_WHAT YOU WILL DO_
Please restate the records below word for word, leaving out every picture.

_RECORDS PROVIDED_
┏━━
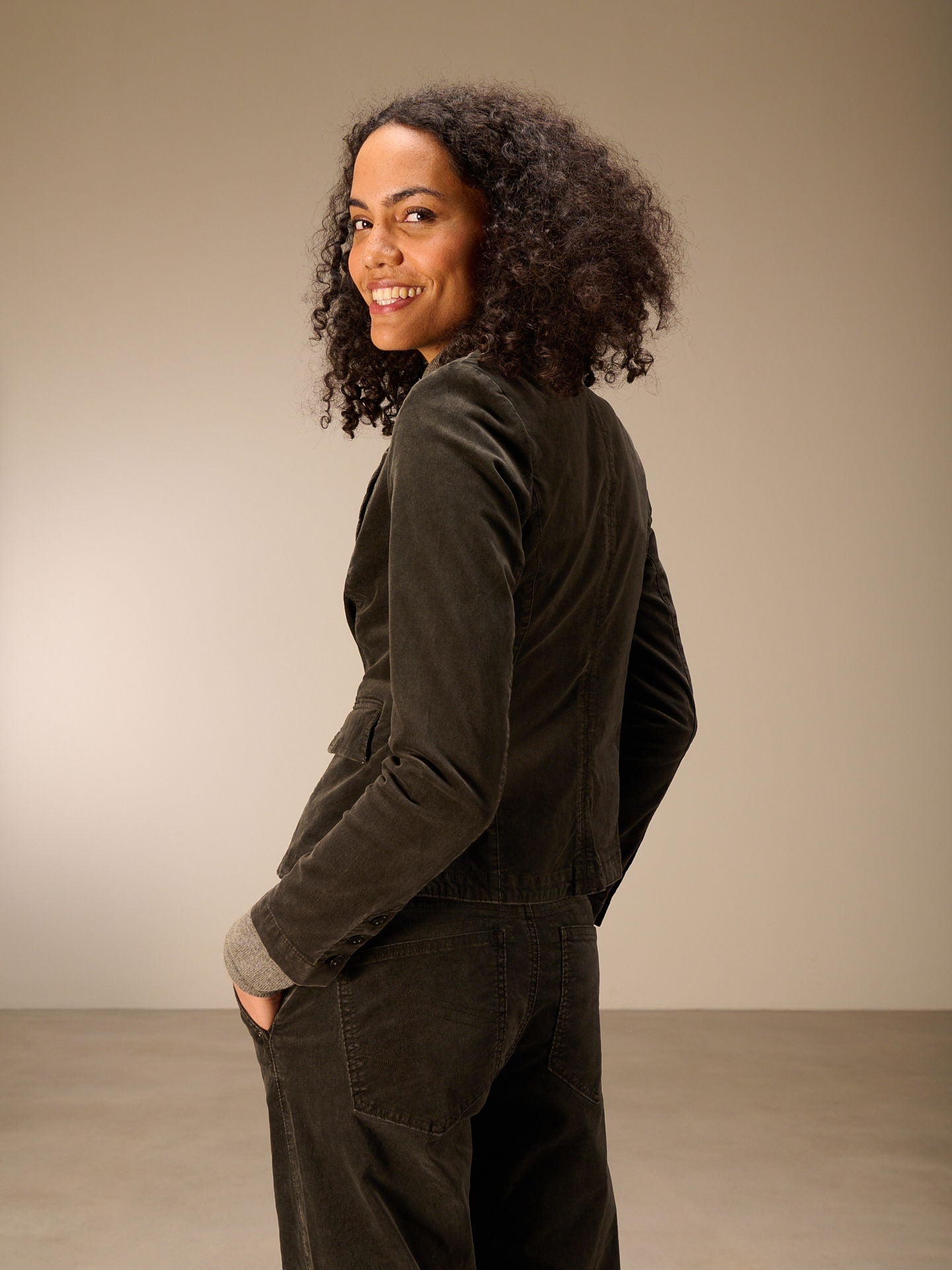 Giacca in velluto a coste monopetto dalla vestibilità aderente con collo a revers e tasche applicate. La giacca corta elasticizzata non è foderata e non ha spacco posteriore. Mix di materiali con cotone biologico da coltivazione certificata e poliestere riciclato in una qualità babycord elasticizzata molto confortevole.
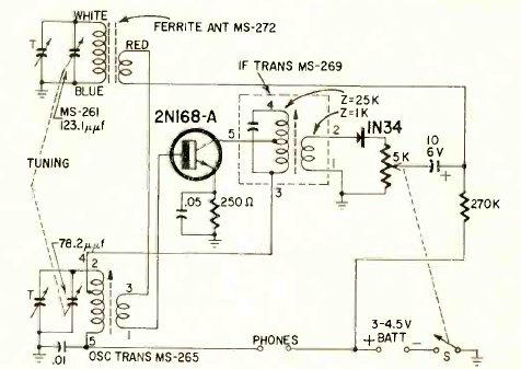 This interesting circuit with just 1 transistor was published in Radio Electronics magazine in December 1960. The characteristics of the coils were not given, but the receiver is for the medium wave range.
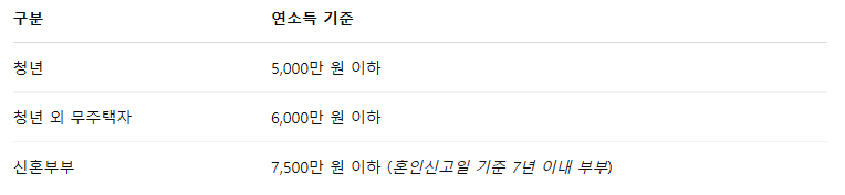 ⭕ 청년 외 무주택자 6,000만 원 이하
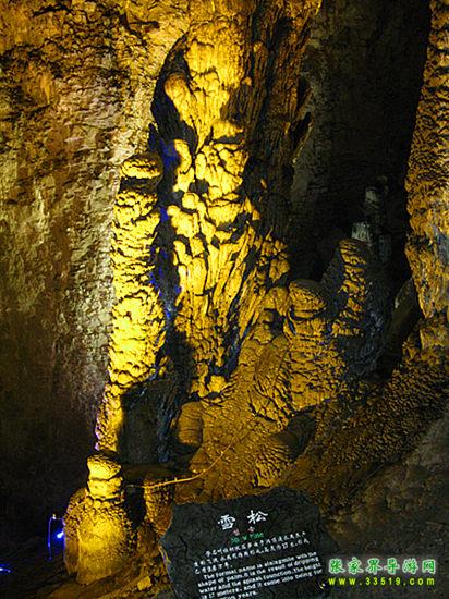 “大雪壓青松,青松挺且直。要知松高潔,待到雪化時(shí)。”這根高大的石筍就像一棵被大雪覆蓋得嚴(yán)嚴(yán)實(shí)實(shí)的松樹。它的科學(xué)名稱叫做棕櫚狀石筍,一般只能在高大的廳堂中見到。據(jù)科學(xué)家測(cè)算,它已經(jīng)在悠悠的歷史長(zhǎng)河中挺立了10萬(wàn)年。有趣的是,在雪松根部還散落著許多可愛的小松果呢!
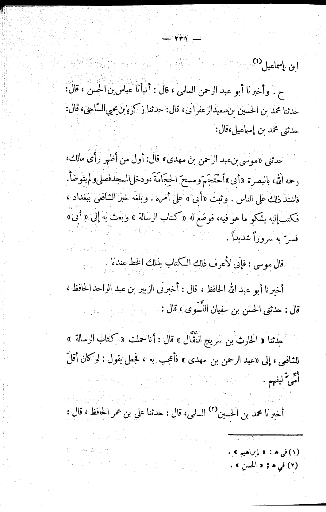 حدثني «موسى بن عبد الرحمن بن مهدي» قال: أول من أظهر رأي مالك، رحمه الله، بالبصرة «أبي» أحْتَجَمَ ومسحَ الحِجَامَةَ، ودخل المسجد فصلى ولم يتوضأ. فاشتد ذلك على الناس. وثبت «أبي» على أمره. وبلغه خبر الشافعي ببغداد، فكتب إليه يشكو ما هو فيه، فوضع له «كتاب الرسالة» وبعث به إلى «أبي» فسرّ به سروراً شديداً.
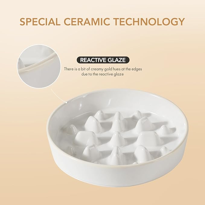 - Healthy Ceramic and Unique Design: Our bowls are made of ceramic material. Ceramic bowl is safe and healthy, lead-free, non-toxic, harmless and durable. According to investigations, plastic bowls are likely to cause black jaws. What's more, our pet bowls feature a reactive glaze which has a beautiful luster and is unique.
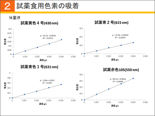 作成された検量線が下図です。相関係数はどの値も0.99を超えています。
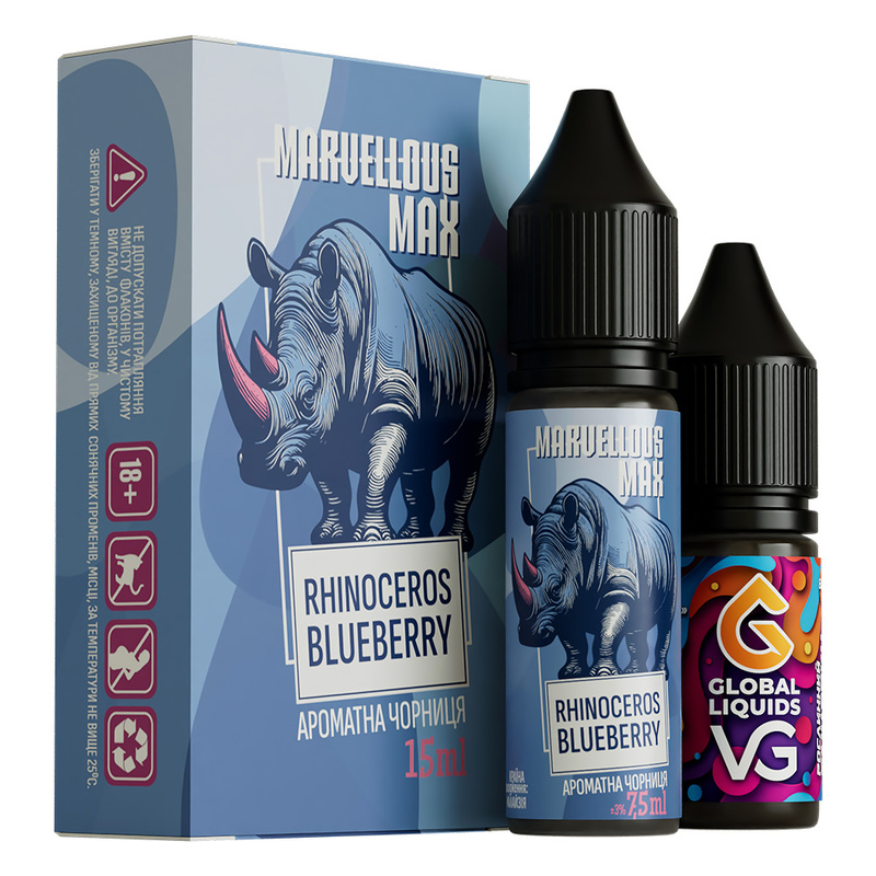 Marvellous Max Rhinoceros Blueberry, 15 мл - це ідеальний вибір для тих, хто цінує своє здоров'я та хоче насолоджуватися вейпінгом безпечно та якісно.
┗━━
_TASK RESULT_
 Giacca in velluto a coste monopetto dalla vestibilità aderente con collo a revers e tasche applicate. La giacca corta elasticizzata non è foderata e non ha spacco posteriore. Mix di materiali con cotone biologico da coltivazione certificata e poliestere riciclato in una qualità babycord elasticizzata molto confortevole.
 This interesting circuit with just 1 transistor was published in Radio Electronics magazine in December 1960. The characteristics of the coils were not given, but the receiver is for the medium wave range.
 ⭕ 청년 외 무주택자 6,000만 원 이하
 “大雪壓青松,青松挺且直。要知松高潔,待到雪化時(shí)。”這根高大的石筍就像一棵被大雪覆蓋得嚴(yán)嚴(yán)實(shí)實(shí)的松樹。它的科學(xué)名稱叫做棕櫚狀石筍,一般只能在高大的廳堂中見到。據(jù)科學(xué)家測(cè)算,它已經(jīng)在悠悠的歷史長(zhǎng)河中挺立了10萬(wàn)年。有趣的是,在雪松根部還散落著許多可愛的小松果呢!
 حدثني «موسى بن عبد الرحمن بن مهدي» قال: أول من أظهر رأي مالك، رحمه الله، بالبصرة «أبي» أحْتَجَمَ ومسحَ الحِجَامَةَ، ودخل المسجد فصلى ولم يتوضأ. فاشتد ذلك على الناس. وثبت «أبي» على أمره. وبلغه خبر الشافعي ببغداد، فكتب إليه يشكو ما هو فيه، فوضع له «كتاب الرسالة» وبعث به إلى «أبي» فسرّ به سروراً شديداً.
 - Healthy Ceramic and Unique Design: Our bowls are made of ceramic material. Ceramic bowl is safe and healthy, lead-free, non-toxic, harmless and durable. According to investigations, plastic bowls are likely to cause black jaws. What's more, our pet bowls feature a reactive glaze which has a beautiful luster and is unique.
 作成された検量線が下図です。相関係数はどの値も0.99を超えています。
 Marvellous Max Rhinoceros Blueberry, 15 мл - це ідеальний вибір для тих, хто цінує своє здоров'я та хоче насолоджуватися вейпінгом безпечно та якісно.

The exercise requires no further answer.